Authors: Alejandro Valdecantos and Ramón Vallejo (CEAM) with input from study sites
Editor: Jane Brandt
Source document: Valdecantos & Vallejo. (2015) Report on structural and functional changes associated to regime shifts in Mediterranean dryland ecosystems. CASCADE Project Deliverable 5.1.


Landscapes of the Mediterranean Basin have been subjected to different human pressures since millennia in addition to the natural ones derived from climate features. These pressures have increased in number and/or intensity during the past century, with severe impacts on the wildland. Current ecosystems reflect this history of disturbances on plant community structure and composition, and environmental services provided. Pristine undisturbed ecosystems are difficult or impossible to find, instead different degraded ecosystems and landscapes can be identified along disturbance gradients.

Ecosystem services are the benefits societies get from the ecosystems. These are classified in four main groups:

  1. supporting,
  2. regulating,
  3. cultural and
  4. provisioning services,

with biodiversity as structural feature of ecosystems with direct influence in all other services.

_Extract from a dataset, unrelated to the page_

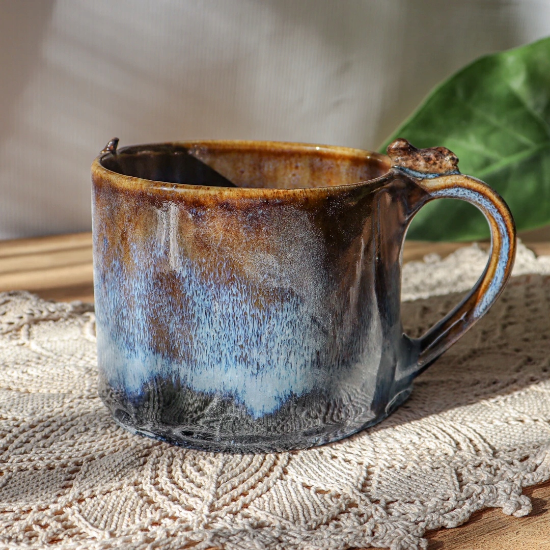 Для любителей кофе и чая, а также любителей оригинальных кружек и животных большая керамическая кружка - Котенок с птичкой, 500 мл. Ручная работа: милый бежево-серый котенок лежит на ухе и смотрит на маленькую птичку, сидящую напротив. Покрыта смесью коричневой и синей глазури, создающей оригинальный эффект. Кружка имеет большую ручку, которая идеально лежит в руке, а ее размеры примерно 10 см в диаметре и 8 см в высоту позволяют с комфортом наслаждаться любимым напитком.

Following the Millennium Ecosystem Assessment, supporting services are those that are necessary for the production of all other ecosystem services (e.g. primary production, production of oxygen, soil formation, nutrient cycling) while regulating services are the benefits people obtain from the regulation of ecosystem processes (e.g. air quality, climate regulation, erosion control, regulation of diseases, water purification). There are also services that provide both regulating and supporting services such as water and soil conservation. Biodiversity has intrinsic value independent to any human concern.

In general terms, ecosystems have the ability to withstand some level of stress without showing signs of major changes, or to recover at the short- or medium term after disturbances by themselves. However, when pressures act for very long time and/or high intensity, ecosystem functions might overcome degradation thresholds (tipping points) and show abrupt changes in key ecological properties and ecosystem services (Scheffer et al. 2001, Daliakopoulos and Tsanis, 2013). Beyond these points, natural recovery is very unlikely to occur or very slow (Whisenant 1999) and degradation might also generate new ecosystems very dissimilar to the original reference one (Hobbs et al. 2006). Fire and grazing are the two major disturbances in CASCADE field sites. These two stresses differ significantly in the way they affect ecosystems and, as a consequence, in their short-, medium- and long term impacts. Wildfires represent discrete but very strong events of disturbance while grazing usually occurs in a continuous way with smoother effects on affected ecosystems. Therefore, the assessment of impacts and ecosystem services of sites impacted by grazing can be done at any time, but the same assessment in fire-affected ecosystems will largely depend on the time passed since the last fire because soil properties and plant communities change as secondary succession progresses (Baeza et al. 2007).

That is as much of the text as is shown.